■ Data below ■

-- Opening Marker --

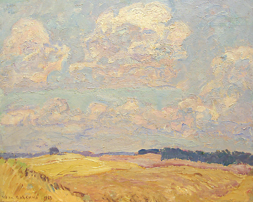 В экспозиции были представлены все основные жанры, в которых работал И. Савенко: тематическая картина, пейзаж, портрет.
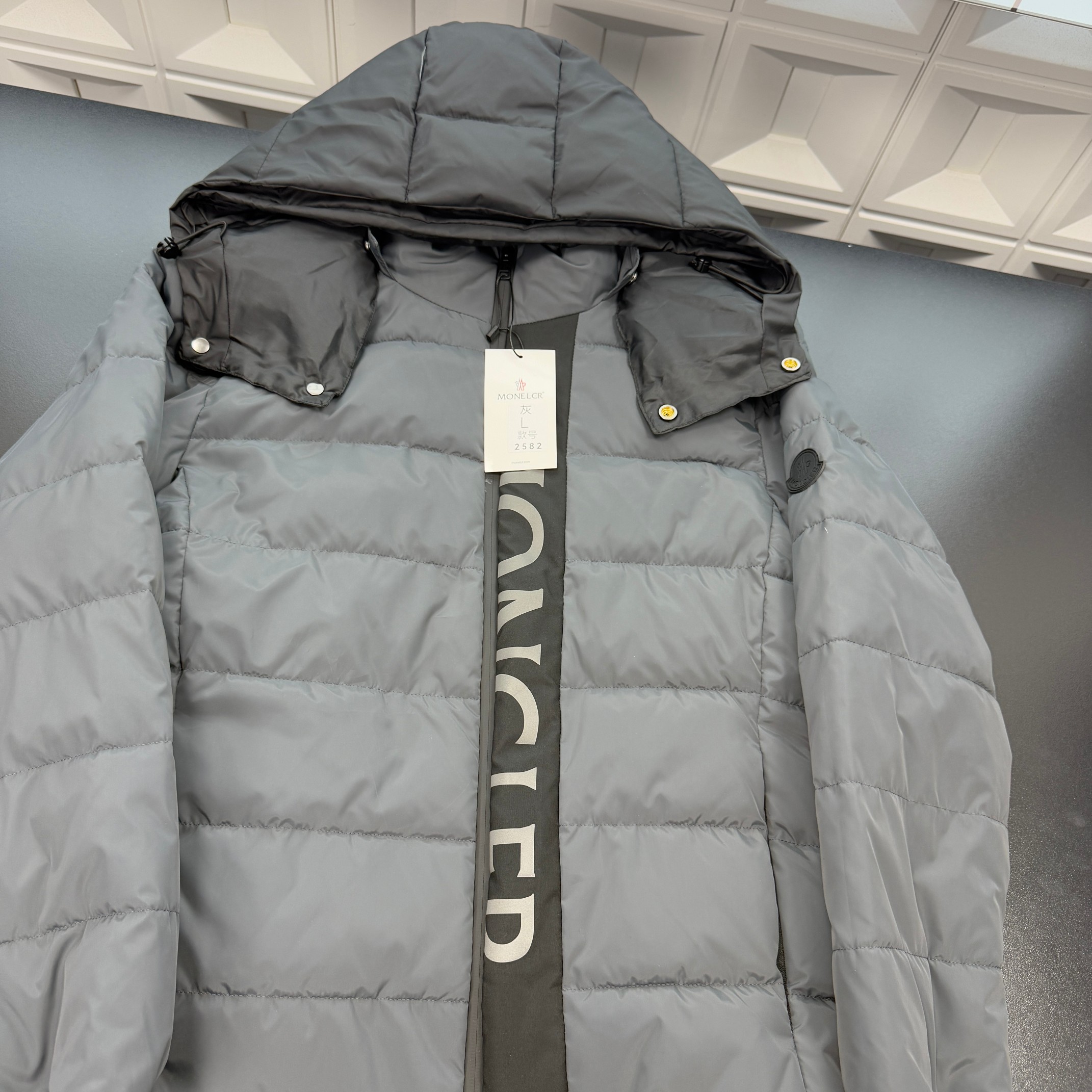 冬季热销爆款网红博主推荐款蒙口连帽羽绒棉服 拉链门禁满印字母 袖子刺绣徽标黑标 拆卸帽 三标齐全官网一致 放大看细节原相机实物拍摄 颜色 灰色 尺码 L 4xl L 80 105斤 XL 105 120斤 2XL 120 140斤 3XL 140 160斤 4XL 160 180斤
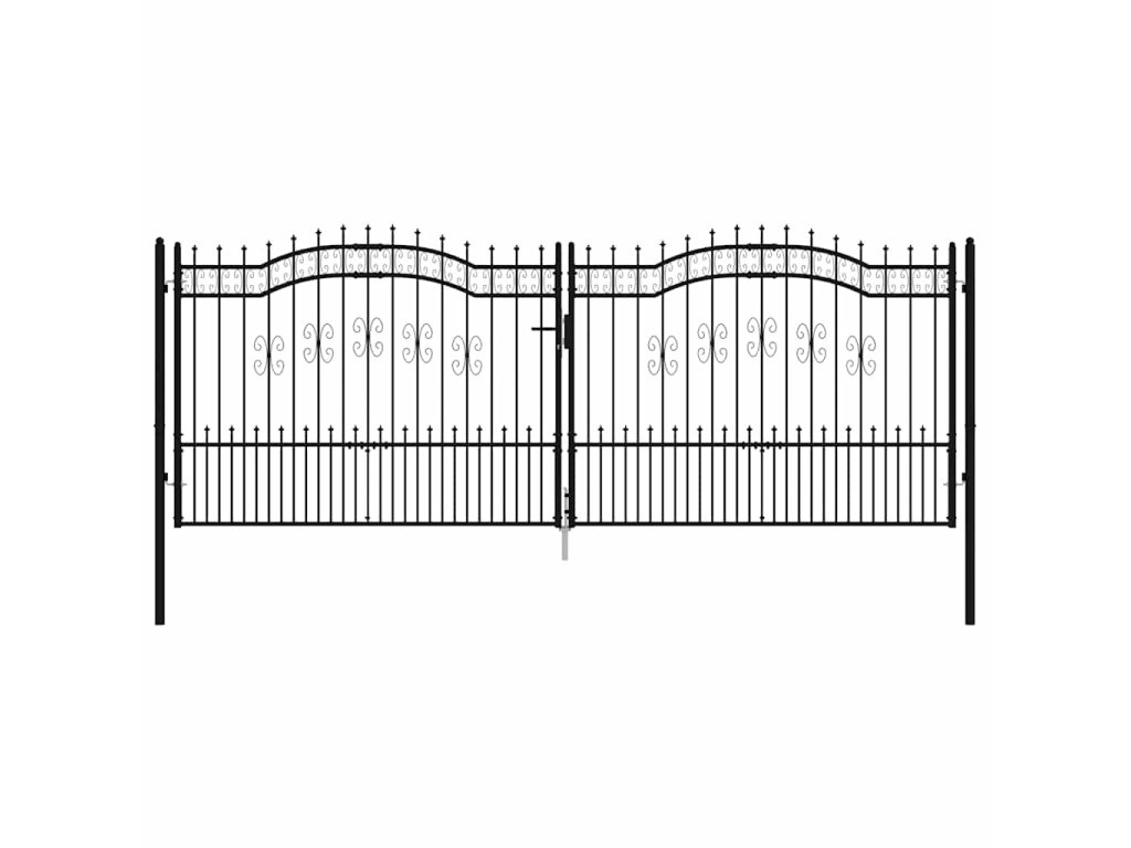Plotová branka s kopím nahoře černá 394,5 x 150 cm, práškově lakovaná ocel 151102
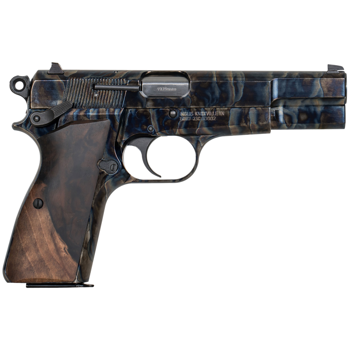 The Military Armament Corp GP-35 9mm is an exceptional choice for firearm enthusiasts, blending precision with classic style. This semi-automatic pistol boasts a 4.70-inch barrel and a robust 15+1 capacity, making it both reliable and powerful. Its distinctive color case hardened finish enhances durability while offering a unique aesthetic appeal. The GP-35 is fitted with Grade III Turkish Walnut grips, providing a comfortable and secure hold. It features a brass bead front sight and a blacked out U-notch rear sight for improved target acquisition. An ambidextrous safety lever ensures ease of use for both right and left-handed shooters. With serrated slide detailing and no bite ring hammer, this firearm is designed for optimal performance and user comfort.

-- Closing Marker --

■ Assignment ■
An exact transcript of the listing is needed, free of pictures.

■ Response to the exercise ■
 В экспозиции были представлены все основные жанры, в которых работал И. Савенко: тематическая картина, пейзаж, портрет.
 冬季热销爆款网红博主推荐款蒙口连帽羽绒棉服 拉链门禁满印字母 袖子刺绣徽标黑标 拆卸帽 三标齐全官网一致 放大看细节原相机实物拍摄 颜色 灰色 尺码 L 4xl L 80 105斤 XL 105 120斤 2XL 120 140斤 3XL 140 160斤 4XL 160 180斤
Plotová branka s kopím nahoře černá 394,5 x 150 cm, práškově lakovaná ocel 151102
 The Military Armament Corp GP-35 9mm is an exceptional choice for firearm enthusiasts, blending precision with classic style. This semi-automatic pistol boasts a 4.70-inch barrel and a robust 15+1 capacity, making it both reliable and powerful. Its distinctive color case hardened finish enhances durability while offering a unique aesthetic appeal. The GP-35 is fitted with Grade III Turkish Walnut grips, providing a comfortable and secure hold. It features a brass bead front sight and a blacked out U-notch rear sight for improved target acquisition. An ambidextrous safety lever ensures ease of use for both right and left-handed shooters. With serrated slide detailing and no bite ring hammer, this firearm is designed for optimal performance and user comfort.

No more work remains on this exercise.